Et pourtant, force est de constater que les espoirs fondés sur l’union de tous les travailleurs comme rempart efficace contre la guerre ont été en grande partie déçus : pas plus que les partis politiques, les syndicats n’ont été capables de faire front lors de l’éclatement des deux conflits mondiaux. On note ainsi que le mouvement de la paix apparaît « plus internationaliste dans les faits que le mouvement syndical ». De même, dans ses positions en matière de paix, le syndicat socialiste (en tout cas une partie importante de celui-ci) a éprouvé des difficultés à faire abstraction de ses positions politiques : l’anticommunisme de certains de ses dirigeants a longtemps constitué un frein à son engagement.

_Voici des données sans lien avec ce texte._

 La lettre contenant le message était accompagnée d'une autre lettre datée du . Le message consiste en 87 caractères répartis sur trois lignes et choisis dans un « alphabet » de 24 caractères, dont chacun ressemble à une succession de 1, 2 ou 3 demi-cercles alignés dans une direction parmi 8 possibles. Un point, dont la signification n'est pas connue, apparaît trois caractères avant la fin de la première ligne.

Si l’implication de la FGTB dans le combat en faveur de la paix est réel, il n’a que ponctuellement découlé d’une initiative propre, mais est plutôt venu renforcer les actions décidées par d’autres. Est-ce dû au fait que, comme le faisait remarquer Jacques Yerna à la fin des années 1990, les syndicats « s’intéressent peu à l’international, et donc à la paix » et qu’ils considèrent souvent celle-ci comme un passe-temps personnel de certains de leurs représentants ? En effet, en dehors des deux périodes évoquées précédemment, il semble que l’engagement pacifiste de la FGTB a le plus souvent procédé moins d’une volonté interne que de la détermination de certains de ses dirigeants sensibles à la question. À cet égard, il convient de relever le rôle de la régionale de Liège qui, depuis près de 70 ans, a livré de nombreux pacifistes convaincus qui ont œuvré à conscientiser un large public à la paix.

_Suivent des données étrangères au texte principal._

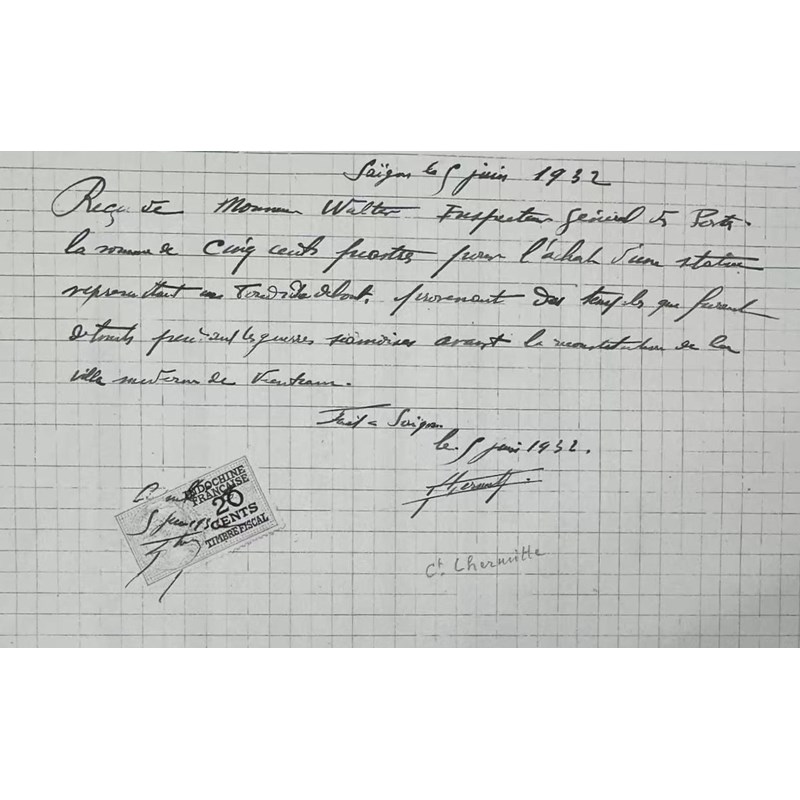 Provenance: with a copy of an invoice written in French dated 5th June 1932 which can be translated to 'Receipt for Mr Walter, Inspector General of Posts, the sum of 500 francs for the purchase of a standing statue... which comes from the temples which were destroyed during the Vietnam wars before the reconstitution...'.

Aujourd’hui, le mouvement pour la paix a perdu de sa popularité et bien que le syndicat socialiste s’associe encore de manière régulière à des campagnes ponctuelles, son combat pour la paix se traduit désormais essentiellement dans son action en faveur de la justice sociale (en Belgique, mais aussi à l’étranger). Fidèle à l’idée que les inégalités et l’exclusion sont facteurs de conflit, la FGTB continue ainsi au quotidien à « Joindre la lutte pour la paix à la lutte syndicale », selon l’appel lancé par André Vanden Broucke.